The Zürau Aphorisms
- 2014 Harvill Secker publication
- Editor: Roberto Calasso
- Author: Franz Kafka
- Language: German
- Publication place: Germany
- Media type: Print

= The Zürau Aphorisms =

Collection of aphorisms by Franz Kafka

The Zürau Aphorisms (Die Zürauer Aphorismen) are 109 aphorisms of Franz Kafka, written from September 1917 to April 1918 and published by his friend Max Brod in 1931, after his death, in the 1931 collection The Great Wall of China. They are selected from his writing in Zürau in West Bohemia (now Siřem in the community of Blšany, Czech Republic) where, suffering from tuberculosis, he stayed with his sister Ottla. Brod titled the book "Betrachtungen über Sünde, Hoffnung, Leid und den wahren Weg" (Reflections on Sin, Hope, Suffering, and the True Way).

== Origin ==

After he was diagnosed with tuberculosis in August 1917, in order to recover, Kafka moved for a few months to the Bohemian village of Zürau, where his sister Ottla worked on the farm of her brother-in-law Hermann. He felt very comfortable there and later described his time there as perhaps the best in his life, probably because he had no responsibilities to work, parents and women.

Kafka had decided not to do literary work there. However, he kept diaries and the eight Blue Octavo Notebooks. From the notes in these books Kafka extracted 109 numbered pieces of text on "Zettel", single pieces of paper in no given order. These aphorisms were first published in 1931 by Kiepenheuer & Witsch, under the title Brod had chosen: "Betrachtungen über Sünde, Hoffnung, Leid und den wahren Weg" (Reflections on Sin, Hope, Suffering, and the True Way).

== Content ==

The aphorisms are strict reflections on metaphysical topics, dealing with good and evil, truth and falsehood, alienation and redemption, death and paradise. They are Kafka's only texts dealing directly with theological issues. The philosophical reflections are inspired by the world of ideas of Schopenhauer, namely Die Welt als Wille und Vorstellung (The World as Will and Representation), as well as Kierkegaard's interpretations of the fall of man.

The individual aphorisms are not related to each other; some have a narrative character, others present images or parables.

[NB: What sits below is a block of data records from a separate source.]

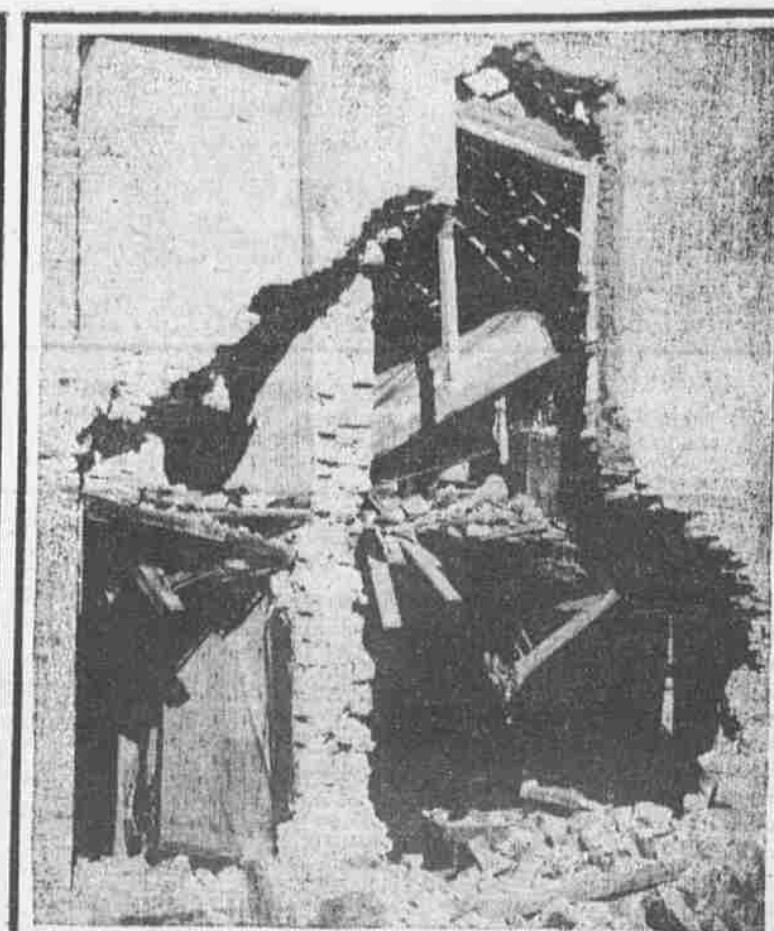
ON THE WEST BANK OF THE YSER Effects of the terrible struggle that has been raging on the Yser River, in northwest Belgium, between the Germans and the Allies. One shell ripped the side out of this huge building.
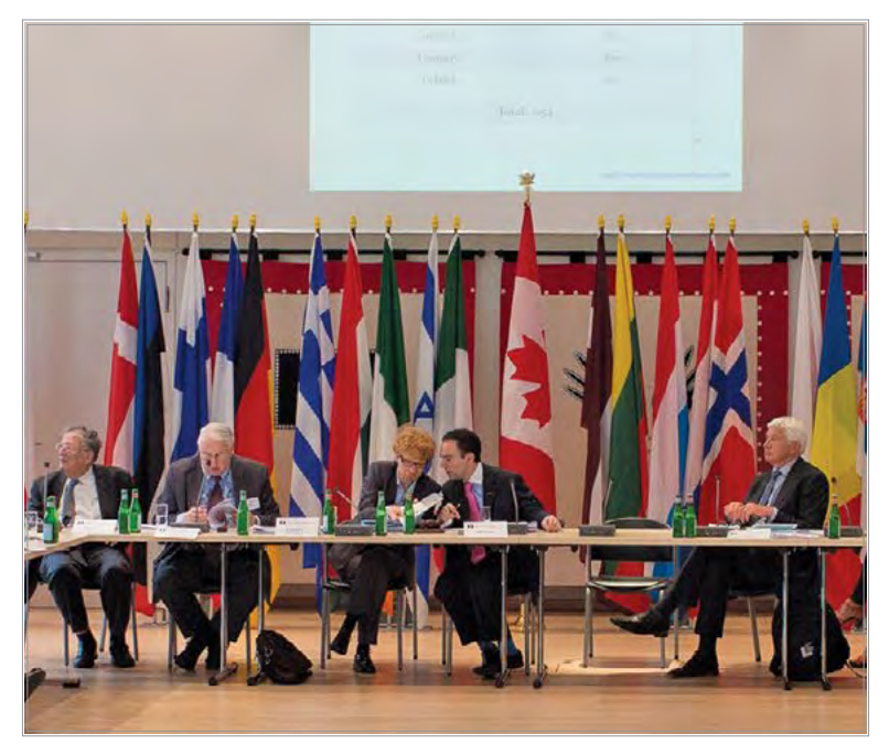
International Holocaust Remembrance Alliance plenary session held at the embassy of Canada in Berlin in 2012.
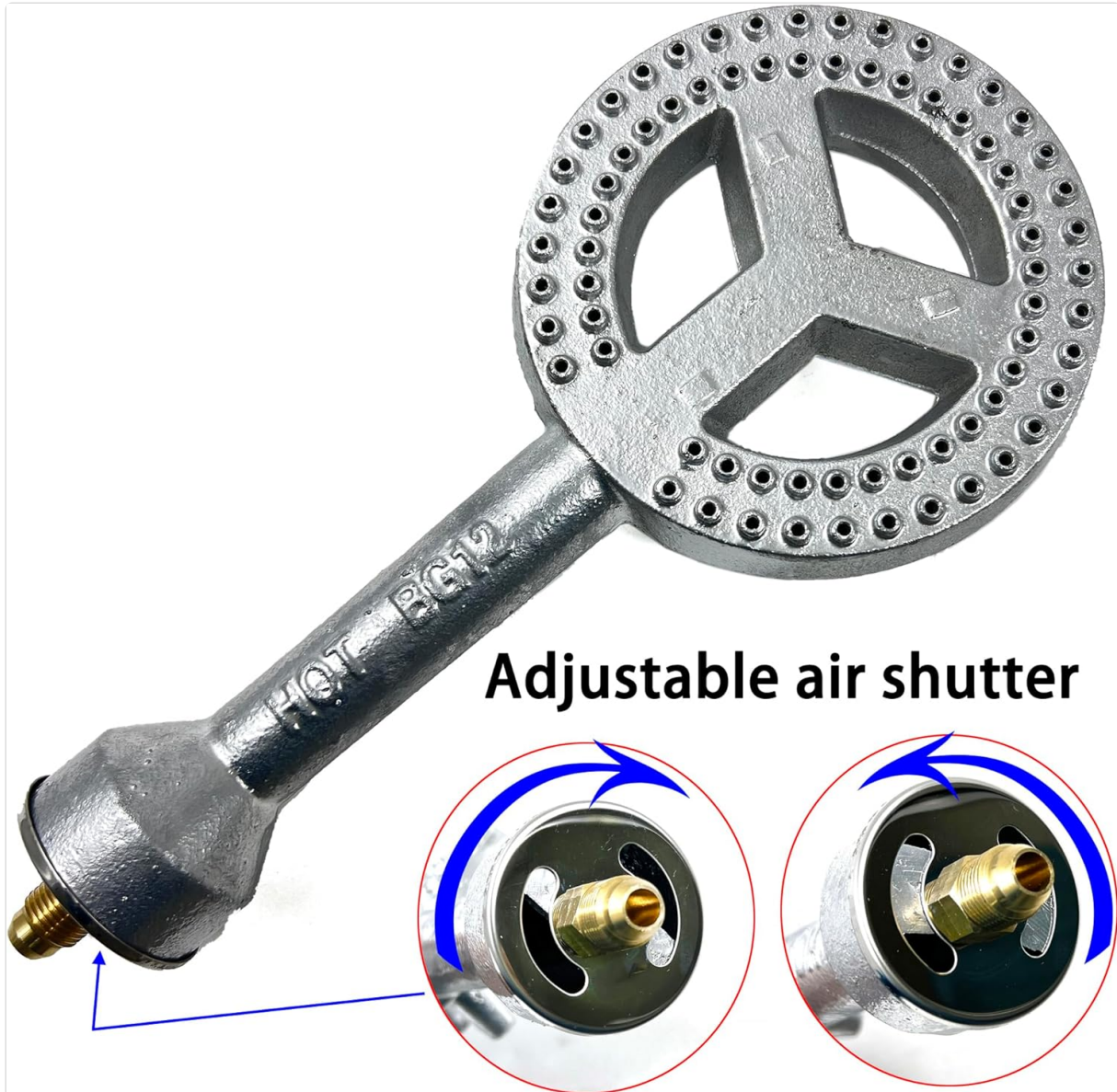
Figure 3: Adjustable Air Shutter

This image highlights the air shutter, which can be rotated to fine-tune the air-fuel mixture for optimal flame performance.

Entry 16, "A cage went in search of a bird", was used as the title of a 2024 collection of ten short stories edited by Becca Rothfeld. The Australian author Gretchen Shirm describes in a review this aphorism as an allegory for Han Kang's novel We Do Not Part.

== Reception ==

Peter-André Alt notes in his biography of Kafka: "Again, the negative dimension of Kafka's life term is visible, which remains supported by the view that the individual must inevitably be caught up in self-deception, lies and deceit, if it seeks to improve its earthly situation."

Reiner Stach remarks: "Much remains fragmentary: again and again, scattered sentences that trail off into nothingness, between them formulations that erupt like aphorisms, imagistic and compelling, once more interrupted by searching motions, diffuse and breaking off unmediated — which Kafka rigidly separates from each other with slashes."

In a review of a 2012 edition of facsimiles of The Zürau Aphorisms, Friedmann Apel sees wording similar to the later novel The Castle, which seems often to be addressing Kafka's father. He quotes the aphorism printed first in Brod's book: Der wahre Weg geht über ein Seil, das nicht in der Höhe gespannt ist, sondern knapp über dem Boden. Es scheint mehr bestimmt stolpern zu machen als begangen zu werden. (The true way goes via a rope, which is suspended not high up but just above the ground. It seems designed more to make one stumble than to be walked.) He points out, that right after evoking an artist on his way to truth, full of danger, Kafka turns to the small scale, even to humor. Apel sees here and in other aphorisms refined deconstructions of certainties (raffinierte Dekonstruktionen von Gewissheiten).

== Editions ==
- Franz Kafka. Die Zürauer Aphorismen ed. Roberto Calasso, Suhrkamp Verlag, 2006, ISBN 978-3-518-22408-3.
- The Zürau Aphorisms of Franz Kafka. Translated from the German by Michael Hofmann; Commentary by Roberto Calasso. New York: Schocken Books, 2006, ISBN 0-8052-1207-8.
- Franz Kafka. Nachgelassene Schriften und Fragmente II ed. Jost Schillemeit, S. Fischer, Frankfurt am Main 2002, pp. 113–140.
- Roland Reuß: Zürauer Zettel. 106 Zettel auf Einzelblättern, Stroemfeld Verlag, Frankfurt am Main, 2012.